4.  Corn casserole–yay for last summer’s frozen bounty!
5.  Courage for the difficult conversations.

Namaste

One way to keep the cats from actually sitting on the counter. . .

2013 March 025

Tea Party and Prodigality

Gratitude List:
1.  Prodigality: lavish, profuse, wanton
2.  Bees humming in the crocus flowers
3.  The wild conversations that were happening all over the hollow this morning when I walked out to feed the chickens: wild geese calling, woodpecker thrumming, wren, bluebird, chickadee, somebody asking, “Sweet?”
4.  Pot luck lunches!
5.  Family Tea Party: We usually have a Family Movie Night every week or two.  Lately the boys declare many evenings “Family (Something) Night.”  Before we settled in to watch Family Circus Specials for Family Movie Night this evening, Ellis declared that it was also Family Tea Party Night.  What fun.  There were three rules (“I have another rooooo-lah!” Joss declared imperiously): 1.  You must lick the sugar out of the bottom of the tea cup.  2.  No one may throw your tea on the floor.  3.  No one may bring a cannon to the tea party.  (Rooooo-lah-making was suspended when the rules became too silly.)  And Auntie Valerie makes my gratitude list yet again–it was her old tea set.

2013 March 027

March Monday: The Way of Trees

I was hoping that by giving myself a few days I would have something more polished to put up here, but this one feels like it needs a lot more work.  But the Mockingbird says to put it out there anyway. 

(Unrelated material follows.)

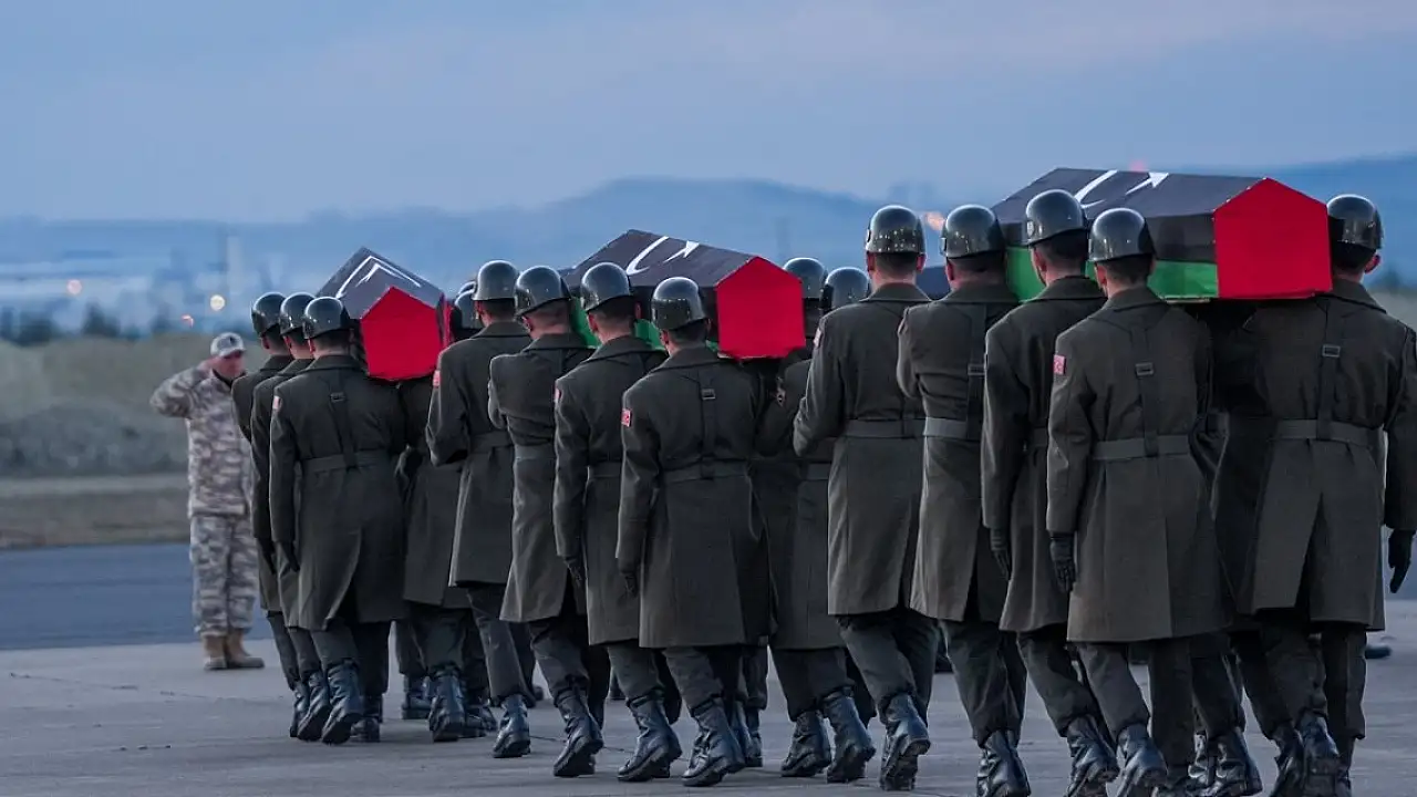 Ankara’da havalandıktan kısa süre sonra düşen uçaktaki Libya Genelkurmay Başkanı Orgeneral Muhammed Ali Ahmed El Haddad, Libya Kara Kuvvetleri Komutanı Korgeneral Futuri Gribel, Askeri Fabrikalar Genel Müdürü Tuğgeneral Mahmut Cuma El Giteviy, Genelkurmay Başkanı Danışmanı Muhammed El Assavi Diyab ve bakanlık fotoğrafçısı Muhammed Ömer Ahmed Mahcub’un naaşları Adli Tıp Kurumu’ndaki işlemlerin ardından Mürted Hava Meydan Komutanlığı’ndaki tören alanına getirildi.

A teenaged boy drives his loud car
through the hollow at midnight
on his way from anger to angst.
Ribbons of red sparks catch
on the thorns of the locust trees.

Golden flowers of a woman’s hope
settle into the branches
of the towering sycamore
as she sits in its shade
and speaks her story.

The poplar, too, and the walnuts,
grasp the thoughts and dreams
of people passing through,
the green streamers of a new love,
the fierce orange flames of betrayal.

At night, the trees feed our dreams
with the colors they have harvested.
In the hollow, we dream with the trees,
our sleeping stories tangled
with the strands the trees have gathered.

 

March 3 Gratitude List:

1. Sunlight sparkling through whirling snow.
2. The way shadows hold the shapes of things. the way the snow stayed in the shadow of the poplar tree on the roof while all the rest melted away in the sun.
3. The quest and the questions. Yearning for the Ineffable Mystery.
4. Sea-tumbled, egg-shaped granite.
5. Stories. Love stories, family stories, personal stories.
May we walk in beauty.

Monday Mornings in March

I have had my February off from writing poetry.  January’s poems were more challenging for me to write than the November batch, and they all came out more roughly cut, more in need of attention.  In the next few days, I hope to have the chapbook “Holding the Bowl of the Heart” off to Finishing Line Press for the Emerging Women’s Voices contest.  But meanwhile, I feel in need of a little discipline to keep me writing.

To that end, I am going to do a Monday poem each week in March.  I’ll try to post a prompt or discuss an idea a few days before, in case anyone wants to write with me.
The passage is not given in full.